DATASET SECTION →
☆ ☆ ☆ ☆ ☆ ☆ ☆
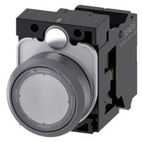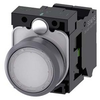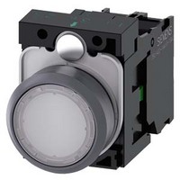Przycisk podświetlany Siemens; Z samopowrotem; Materiał obudowy: plastikowo-metalowy; Płaski; Średnica: fi22mm; Napięcie znamionowe: 24V AC/DC; kolor: biały; 1NO; zaciski śrubowe
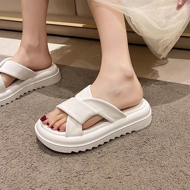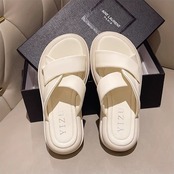 サンダル 厚底 フラットサンダル クロスストラップ オープントゥ ローヒール ぺたんこ スリッパ レディース 靴 シューズ 22.5-25cm 黒 白 黄 B-0363 【お取寄せ】
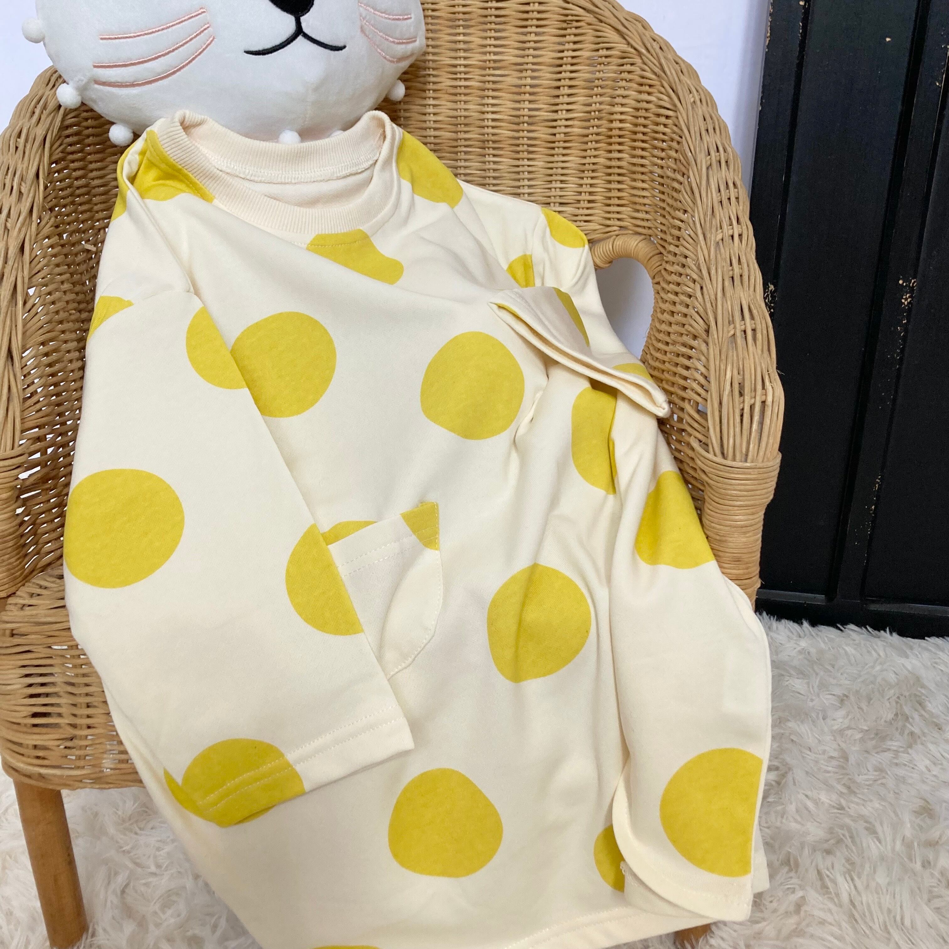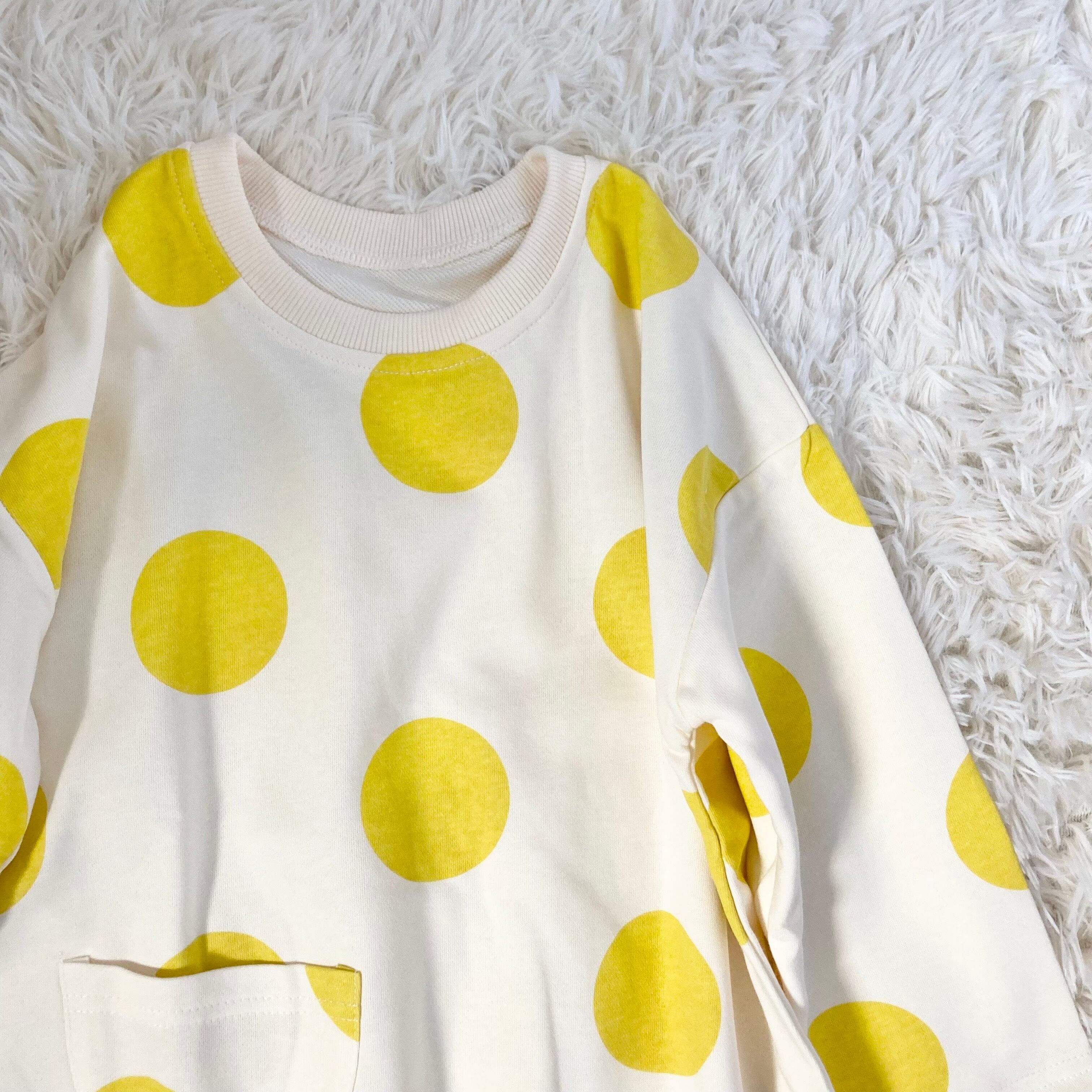-color 生成り・黄色 -size kids 120/130サイズ -material 綿 100% -feature 長袖・トップス・トレーナー・ワンピース・チェニック *がんばルームウエアはリメイク代・送料・税・寄付金が含まれた価格です* *☟画像の詳しいサイズを必ずご確認ください☟*
☆ ☆ ☆ ☆ ☆ ☆ ☆
EXERCISE AIM →
Starting at the line that contains "サンダル 厚底 フラットサンダル", transcribe every line through the end of the listing exactly, including both end lines and excluding pictures.

RESPONSE TO THIS TASK →
 サンダル 厚底 フラットサンダル クロスストラップ オープントゥ ローヒール ぺたんこ スリッパ レディース 靴 シューズ 22.5-25cm 黒 白 黄 B-0363 【お取寄せ】
-color 生成り・黄色 -size kids 120/130サイズ -material 綿 100% -feature 長袖・トップス・トレーナー・ワンピース・チェニック *がんばルームウエアはリメイク代・送料・税・寄付金が含まれた価格です* *☟画像の詳しいサイズを必ずご確認ください☟*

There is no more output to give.